Official research then revealed that the falling welfare rolls were “mostly” due to a strengthening job market. And even then, nearly half the people who’d left welfare were back on it 18 months later, cycling in and out of low-paid work, low-value study and benefit receipt. Around the same time, research by UK charities was showing that sanctions “increase hardship, destitution and foodbank use as well as damaging physical and mental health”.
Profound incuriosity about such issues would be a problem for any government. But it is especially hypocritical for one that has so much staked on delivering better results than its predecessor.
In opposition, National ridiculed Labour for claiming that increased outputs – more programmes delivered, more money spent – signalled increased success. Labour’s $2b boost to mental health services was a classic case. That, as the Nats rightly pointed out, wasn’t an ultimate outcome, a result, a victory.
What would true success have looked like? More people getting the treatment they needed or, indeed, being free from mental illness. And that, famously, did not eventuate.
Widely proclaiming Labour’s “failure to deliver”, National took this talking point and wound it into their rediscovery of Bill English’s social investment approach, which promises to measure whether state programmes achieve results and then shift funding from the least successful to the most.
For that to work, though, National would have to be measuring outcomes. And the evidence of the last fortnight strongly suggests it is not.
Sanctioning people, and reducing welfare rolls, are not outcomes, they’re just outputs: changes in administrative numbers. If people leave welfare only to live in ever-deeper poverty, or make themselves a burden on their family, or resort to crime, their lives have got worse, not better.
To know if welfare reform works, in other words, the government would need to know what happens to former beneficiaries: whether they end up with higher incomes, sustainable and fulfilling work, and – most importantly – higher levels of life satisfaction and purpose.
Getting people out of emergency housing is also not an outcome. People being sustainably housed is. And, in fairness to Potaka, it looks like that has been achieved for some children. But he can’t claim victory for the others unless he knows where they are.
This issue is all the more serious because, following his decision to tighten the criteria for entry into emergency housing, the number of people rough sleeping in Wellington has significantly increased, according to local charity DCM. The two may not be correlated, but there’s a high chance they are.
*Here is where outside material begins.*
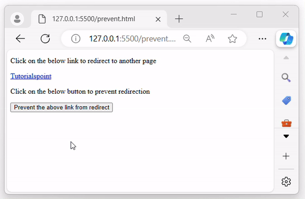 The above program displays a link and a button, when the user clicks on the link will redirect to another page, whereas clicking the button will prevent the link from redirecting −
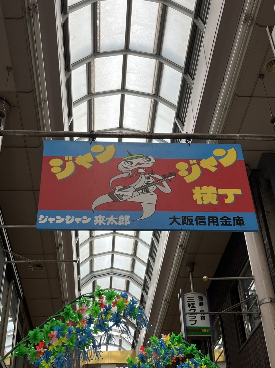 〈ジャンジャン来太郎〉が アーケードの上の方から お出迎えしてくれます

More kids may have parents living on the street: the opposite of success. And I’m hearing from multiple NGOs and philanthropists that more people are seeking their help because state aid has become harder to get. Again, this isn’t success, just a shifting of the burden from one balance sheet to another.
A final irony: if 500 kids and their families have moved into social housing, that can only have come about because a staggering 3453 new public homes have been opened since December last year. But that’s not an achievement to be claimed by National, which has brought state-housebuilding to a shuddering halt.
Those houses were all commissioned, constructed and paid for by Labour. A triumph of delivery, you might say. But that is yet another fact that National has little interest in knowing.